The lack of information on the performance of indoor photovoltaic cells under low light conditions is a concern. It is not possible to guarantee their efficiency and reliability because their performance characteristics at lower light irradiances have not been defined. Datasheets for these cells often only provide information on their efficiency at high irradiance levels, which leads to differences between the values indicated on the datasheets and the final measured values, which can vary significantly when evaluating an indoor solar cell.

As shown in Figure 1, when evaluating MP3-37, the manufacturer provides I/V curves for both the conventional 1-sun and 1/4-sun irradiance [10]. Figure 2 illustrates a significant drop in power output at low irradiance levels. This information is crucial for determining the feasibility of using indoor PV cells for a specific application, as well as for optimizing their performance in low-light conditions. Therefore, there is a need for more comprehensive testing and reporting of indoor PV cell performance to ensure an accurate and reliable product evaluation.

To address the issue of the lack of detailed information on the performance of indoor PV cells under low-light conditions, light simulators are often used to evaluate such devices. Light simulators allow the precise control of the intensity, spectrum, and direction of the light source, which can be used to simulate a wide range of indoor lighting conditions. By testing PV cells under a variety of simulated lighting conditions, researchers and manufacturers can better understand the performance of these devices and provide more accurate efficiency ratings for different lighting conditions. Light simulators can also be used to optimize the design of indoor PV cells for specific indoor lighting conditions and to identify opportunities for improving the efficiency and performance of these devices [11]. However, these devices are expensive and bulky. The greatest drawback of these devices is their inability to uniformly illuminate a larger surface [12]. Increasing uniformity can be achieved by increasing the number of light sources or by sacrificing illuminance. Our method achieves the appropriate tradeoff of illumination/non-uniformity and minimizes the cost (due to a reduced amount of LEDs). Our work focuses on solving the PV validation problem from the perspective of desired illumination and non-uniformity. Other factors, such as spectral distribution, are not considered in the current work.

1.1. Related Work

Several studies have focused on the development of light simulator systems for various applications, such as photovoltaic (PV) cell testing and research, education, and indoor use.

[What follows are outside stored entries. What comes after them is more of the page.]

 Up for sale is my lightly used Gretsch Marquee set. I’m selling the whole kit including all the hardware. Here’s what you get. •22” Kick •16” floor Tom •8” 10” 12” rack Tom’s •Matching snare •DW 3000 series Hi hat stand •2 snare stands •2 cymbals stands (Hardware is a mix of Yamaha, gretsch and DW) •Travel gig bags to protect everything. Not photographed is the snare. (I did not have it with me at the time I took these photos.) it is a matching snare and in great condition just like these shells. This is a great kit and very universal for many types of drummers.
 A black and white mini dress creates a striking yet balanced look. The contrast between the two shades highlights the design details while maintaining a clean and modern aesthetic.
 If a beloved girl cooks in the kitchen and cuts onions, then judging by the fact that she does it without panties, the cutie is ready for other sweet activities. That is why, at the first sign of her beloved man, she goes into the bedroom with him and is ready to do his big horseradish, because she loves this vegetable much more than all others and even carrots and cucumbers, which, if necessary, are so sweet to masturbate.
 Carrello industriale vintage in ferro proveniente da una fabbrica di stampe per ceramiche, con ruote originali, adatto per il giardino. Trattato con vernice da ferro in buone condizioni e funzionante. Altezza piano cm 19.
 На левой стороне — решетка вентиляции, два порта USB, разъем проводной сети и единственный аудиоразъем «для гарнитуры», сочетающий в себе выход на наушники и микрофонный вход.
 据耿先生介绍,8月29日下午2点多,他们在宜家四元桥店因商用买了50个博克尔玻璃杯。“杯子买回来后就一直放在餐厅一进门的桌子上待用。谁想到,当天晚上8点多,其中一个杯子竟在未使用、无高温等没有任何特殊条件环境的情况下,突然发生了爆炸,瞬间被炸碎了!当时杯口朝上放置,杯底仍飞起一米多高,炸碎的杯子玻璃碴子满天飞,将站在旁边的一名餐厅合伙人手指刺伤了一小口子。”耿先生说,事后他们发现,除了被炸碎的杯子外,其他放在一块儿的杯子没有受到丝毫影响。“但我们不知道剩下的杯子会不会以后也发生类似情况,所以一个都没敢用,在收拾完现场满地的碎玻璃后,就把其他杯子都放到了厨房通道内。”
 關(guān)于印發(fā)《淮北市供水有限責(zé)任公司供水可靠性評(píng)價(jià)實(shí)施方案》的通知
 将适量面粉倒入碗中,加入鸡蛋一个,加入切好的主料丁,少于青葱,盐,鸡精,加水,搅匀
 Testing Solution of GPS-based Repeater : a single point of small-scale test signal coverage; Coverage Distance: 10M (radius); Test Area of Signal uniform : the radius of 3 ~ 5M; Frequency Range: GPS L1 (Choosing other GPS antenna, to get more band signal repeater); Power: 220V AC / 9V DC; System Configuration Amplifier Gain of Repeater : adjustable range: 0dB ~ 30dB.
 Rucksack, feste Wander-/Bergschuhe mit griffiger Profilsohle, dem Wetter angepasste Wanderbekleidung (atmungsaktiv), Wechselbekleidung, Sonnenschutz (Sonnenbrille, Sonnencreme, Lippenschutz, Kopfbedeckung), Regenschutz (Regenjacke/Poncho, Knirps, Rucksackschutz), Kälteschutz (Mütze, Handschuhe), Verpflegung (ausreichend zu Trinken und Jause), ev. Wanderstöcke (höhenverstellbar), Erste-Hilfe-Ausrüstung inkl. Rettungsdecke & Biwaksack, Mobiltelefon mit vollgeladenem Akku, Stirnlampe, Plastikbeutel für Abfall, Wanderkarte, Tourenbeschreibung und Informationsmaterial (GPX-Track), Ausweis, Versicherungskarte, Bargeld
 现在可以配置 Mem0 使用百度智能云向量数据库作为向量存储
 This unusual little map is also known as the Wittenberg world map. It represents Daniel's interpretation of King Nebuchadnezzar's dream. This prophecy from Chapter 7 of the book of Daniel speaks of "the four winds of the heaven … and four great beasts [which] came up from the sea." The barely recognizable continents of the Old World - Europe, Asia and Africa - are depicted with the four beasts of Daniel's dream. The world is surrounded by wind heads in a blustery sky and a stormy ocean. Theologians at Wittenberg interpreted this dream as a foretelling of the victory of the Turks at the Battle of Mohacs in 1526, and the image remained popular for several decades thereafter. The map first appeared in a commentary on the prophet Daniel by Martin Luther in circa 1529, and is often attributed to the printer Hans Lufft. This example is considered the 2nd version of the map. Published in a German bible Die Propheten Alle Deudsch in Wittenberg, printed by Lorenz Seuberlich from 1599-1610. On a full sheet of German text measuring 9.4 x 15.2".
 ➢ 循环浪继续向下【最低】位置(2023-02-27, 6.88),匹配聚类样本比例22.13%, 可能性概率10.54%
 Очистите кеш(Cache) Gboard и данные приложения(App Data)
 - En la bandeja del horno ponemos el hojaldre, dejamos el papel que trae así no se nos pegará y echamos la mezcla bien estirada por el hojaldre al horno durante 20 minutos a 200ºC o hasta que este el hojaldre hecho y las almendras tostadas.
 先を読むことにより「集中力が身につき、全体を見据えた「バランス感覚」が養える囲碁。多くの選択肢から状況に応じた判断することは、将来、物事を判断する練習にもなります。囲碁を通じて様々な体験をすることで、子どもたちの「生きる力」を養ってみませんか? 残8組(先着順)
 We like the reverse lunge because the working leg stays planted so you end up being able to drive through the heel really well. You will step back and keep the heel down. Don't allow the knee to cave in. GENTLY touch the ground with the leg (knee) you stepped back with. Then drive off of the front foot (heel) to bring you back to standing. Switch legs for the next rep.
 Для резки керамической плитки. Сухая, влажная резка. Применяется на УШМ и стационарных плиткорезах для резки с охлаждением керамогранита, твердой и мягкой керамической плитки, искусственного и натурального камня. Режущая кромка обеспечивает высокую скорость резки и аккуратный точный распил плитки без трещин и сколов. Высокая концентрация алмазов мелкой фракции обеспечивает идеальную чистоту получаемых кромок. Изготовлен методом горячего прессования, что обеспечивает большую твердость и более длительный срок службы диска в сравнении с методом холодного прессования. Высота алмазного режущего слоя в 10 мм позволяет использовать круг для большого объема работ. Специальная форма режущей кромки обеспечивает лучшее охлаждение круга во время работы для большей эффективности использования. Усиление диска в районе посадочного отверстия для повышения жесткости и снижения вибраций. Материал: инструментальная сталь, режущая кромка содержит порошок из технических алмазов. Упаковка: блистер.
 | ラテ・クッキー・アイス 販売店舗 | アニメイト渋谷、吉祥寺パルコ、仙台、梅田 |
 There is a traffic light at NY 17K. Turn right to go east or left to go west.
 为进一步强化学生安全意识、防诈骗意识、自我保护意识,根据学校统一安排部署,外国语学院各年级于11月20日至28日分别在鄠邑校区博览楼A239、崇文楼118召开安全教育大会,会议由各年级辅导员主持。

Many of these systems have aimed to reach a solar intensity of 1 sun, which is the standard measurement used to determine the output of PV cells under real sunlight conditions. However, some of these systems have sacrificed either the uniformity of the irradiance distribution or the cost resulting from the use of a large number of light-emitting diodes (LEDs).

One such system, developed by Lopez-Fraguas et al. [13], is a low-cost simulator that achieves sufficient uniformity to be classified as Class AAA in a 1 cm² central area using a 34 LED array. Moria [14] developed a solar simulator using 8 500 W halogen lamps, which achieved high irradiance values between 500 and 1100 W/m² for research and education purposes. Irwan et al. [15] constructed and fabricated a solar simulator system using 20 Philips halogen 500 W lamp bulbs. Elgendy et al. [16] developed 2 maximum power point tracking (MPPT) algorithms for PV arrays and verified them by fabricating a 40 Wp PV generator for indoor use by switching 60 low-cost halogen lamps. Landrock et al. [17] constructed a low-cost solar simulator using an array of 6 halogen spotlight bulbs (AC 50 W/120 V Halogena; General Electric) to improve tungsten light source systems for PV cell testing. Finally, Yandri et al. [18] developed a simple, low-cost, compact halogen solar simulator that consisted of 16 halogen lamps (50 W/110 V).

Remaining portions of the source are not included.